Yield Curve inversion is generally considered as a reliable predictor of an impending recession. It occurs when the interest rates on long-term bonds are lower than the rates on short-term bonds. 

Jan Hatzius, the chief economist at Goldman Sachs Group Inc. also said that the US economy has a better chance of avoiding a recession in the next 12 months.  

“At the same time, our economists aren’t as concerned as some about the inverted yield curve in the U.S. Conceptually, an inverted curve means the rates market is pricing future cuts that are large enough to outweigh the term premium (investors typically require more compensation to hold a bond for a longer period of time). In the past, this has generally only happened in situations when a recession was becoming clearly visible — hence the curve’s strong track record as a recession predictor,” Hatzius said.

Also read: This Is How Much Google Employees Earn Annually

Despite Fed hiking the interest rates over the past one year, this has not been a hard blow on the US economy because the real Fed Funds Rate (FFS) still remains below the rates seen in the past rate hike cycles that led to recessions.

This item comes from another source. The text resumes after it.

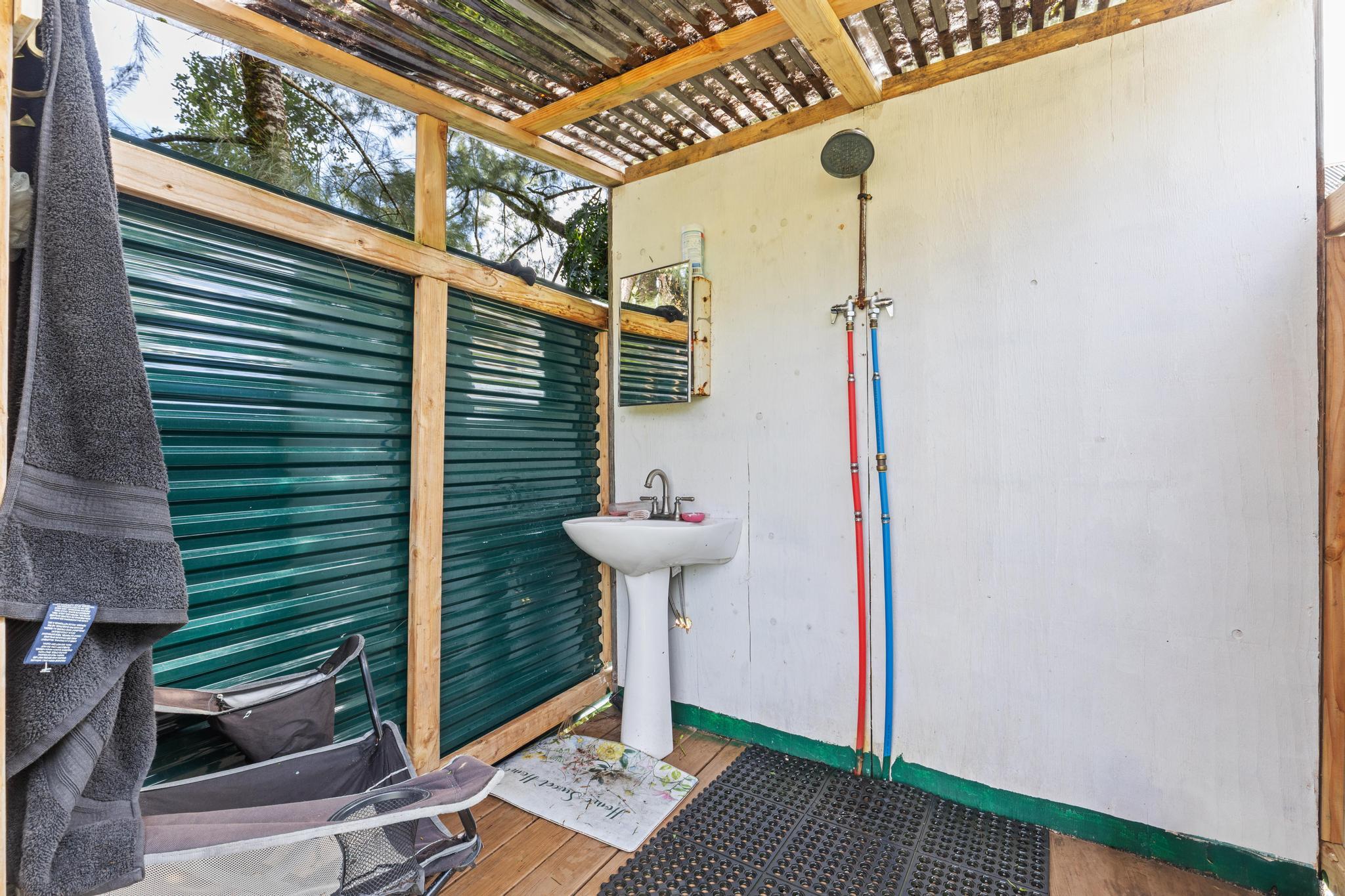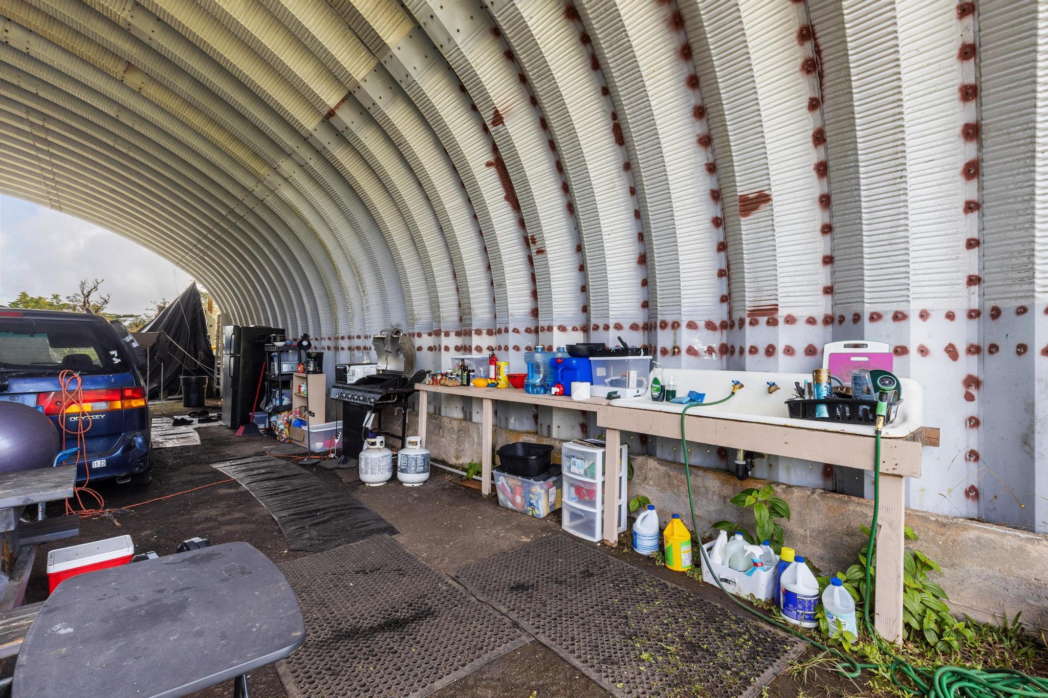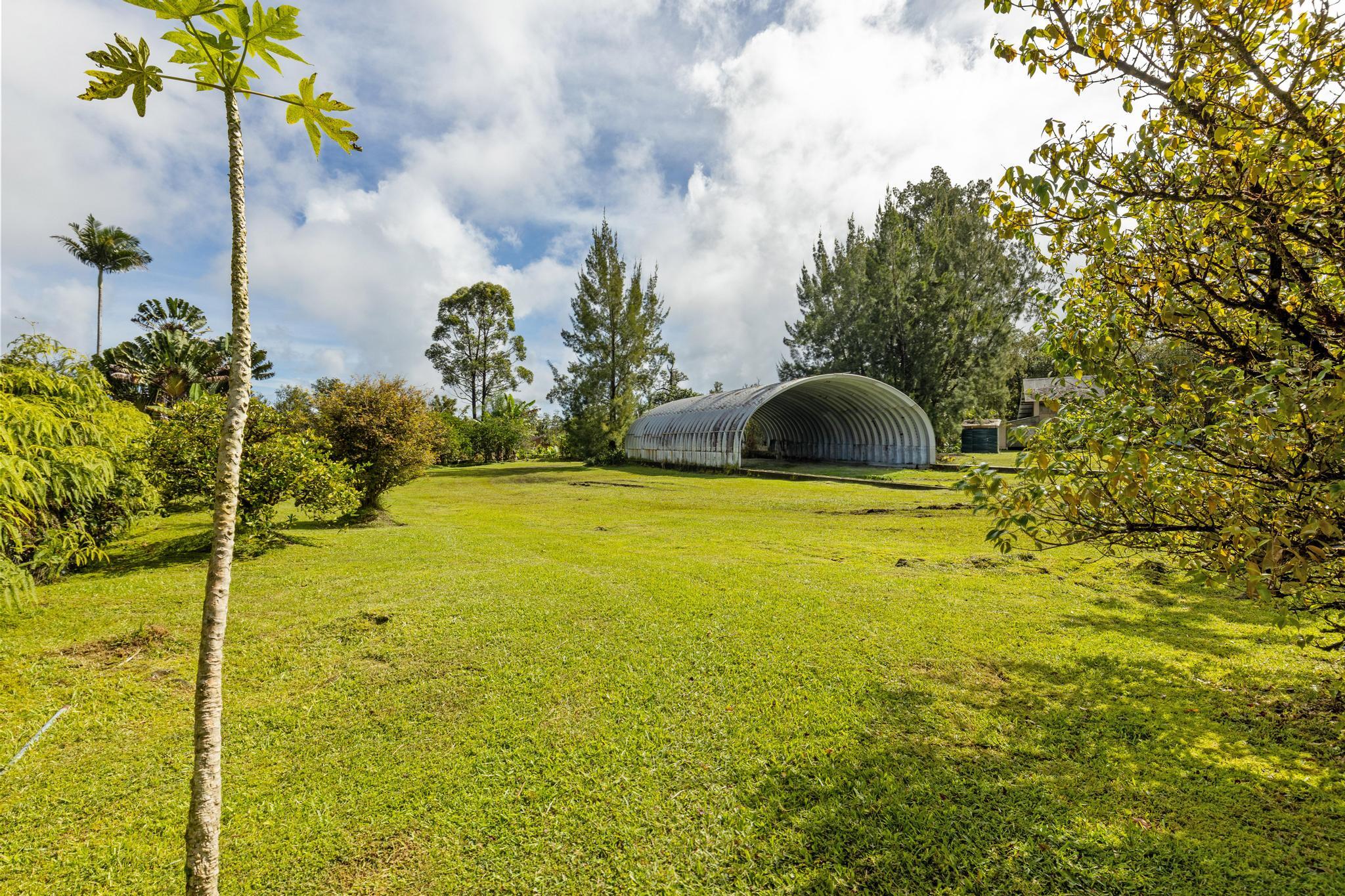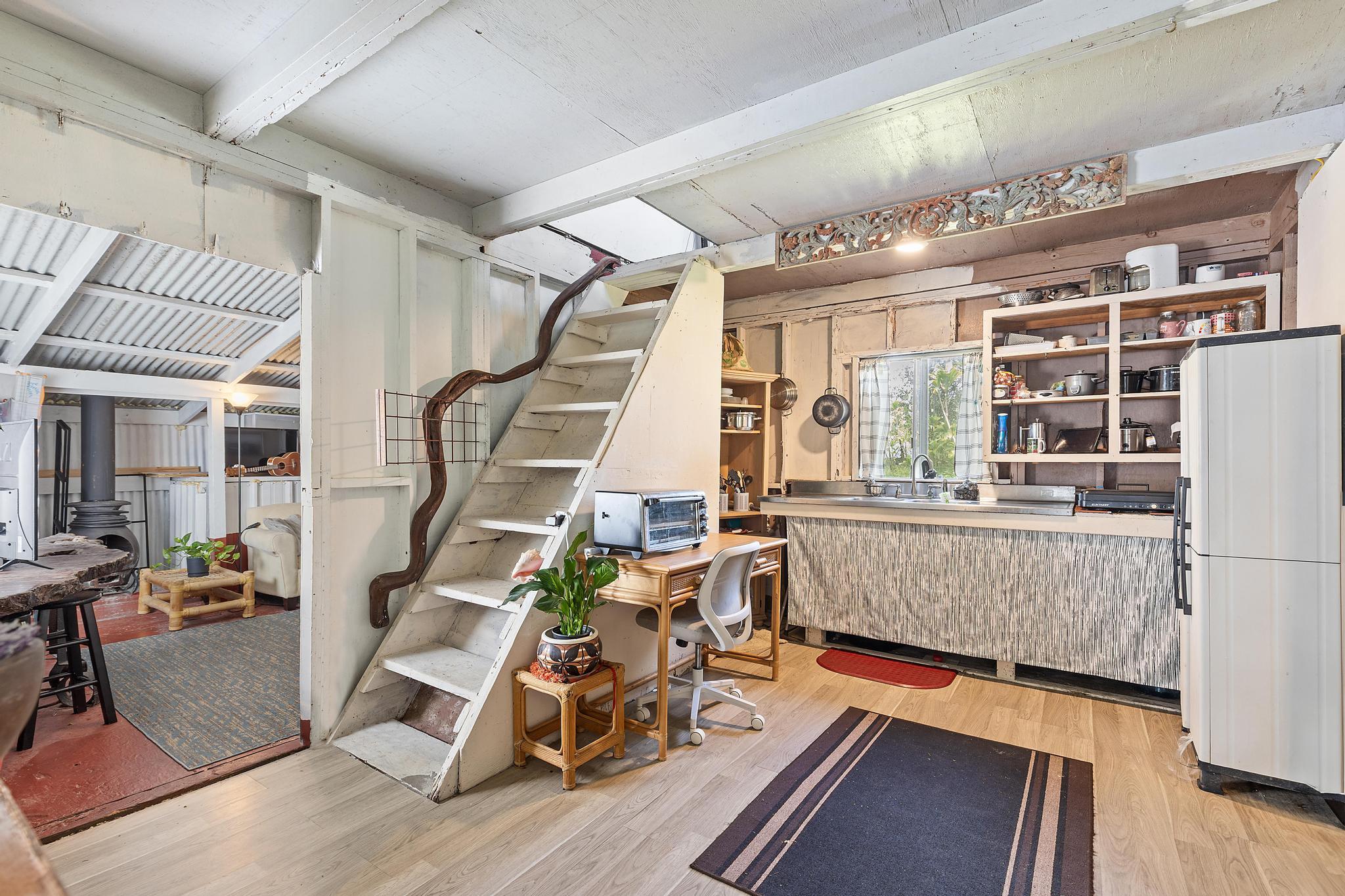 This East Hawai‘i property offers privacy, space, and a self-sufficient layout on an approximately square-shaped 2-acre parcel formed by consolidating two one-acre lots. The land is fenced with 2 Gates and features mature fruit trees, tropical plantings, and natural greenery. A natural tree buffer provides separation from the road. Underground power is in place and connects to an approximately 60-foot Quonset workshop. High-speed fiber internet is available. The main cabin includes two approx 500-gallon poly water catchment tanks, a full bathroom, propane on-demand hot water with a backup heater, one bedroom on the main level, and a loft-style bedroom upstairs. Three additional cabin sheds and 3 outdoor common bathroom setups are located on the property, along with an additional larger water catchment tank. An outdoor kitchenette is positioned in the Quonset hut as a shared common area for the cabin sheds. The landscaping includes a wide variety of producing fruit trees and ornamentals, such as bananas, star apple, ice cream bean, allspice, mountain apple, avocados, jaboticaba, tangerines, Tahitian lime, Meyer lemon, oranges, guava, coffee, Surinam cherry, Brazilian cherry, palms, anthuriums, torch ginger, heliconia, and more. This property offers a private setting with multiple structures, mature plantings, and the convenience of available high-speed internet. 11-1860 Mahina St, Mountain View HI 96771 ~ MLS 725924

"Monetary policy has only just turned restrictive, and is still far lower than in previous hiking cycles. Despite the Fed having hiked rates by 500bps in under 12 months, one of the sharpest rate cycles ever, the real Fed Funds Rate only turned positive in March and remains well below the real rate seen in past Fed hiking cycles that led to recessions," said Arora.

What will happen next?

The Leading Economic Index, a measure which anticipates future economic activity, has declined for the US by 0.7% in June to 106.1 following a revised decrease of 0.6% in May, as per Reuters report. The decline was slightly greater than the median expectation among economists in a Reuters poll for a 0.6% decrease.

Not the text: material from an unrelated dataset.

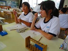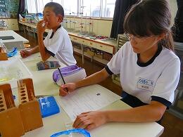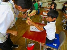 歯の模型を触りながら、6歳臼歯や前歯を観察しました。形の違いなどを観察することができました。

“Taken together, June’s data suggests economic activity will continue to decelerate in the months ahead,” Justyna Zabinska-La Monica, senior manager of business cycle indicators at The Conference Board, said in a statement. 

"Elevated prices, tighter monetary policy, harder-to-get credit, and reduced government spending are poised to dampen economic growth further," Zabinska-La Monica further added.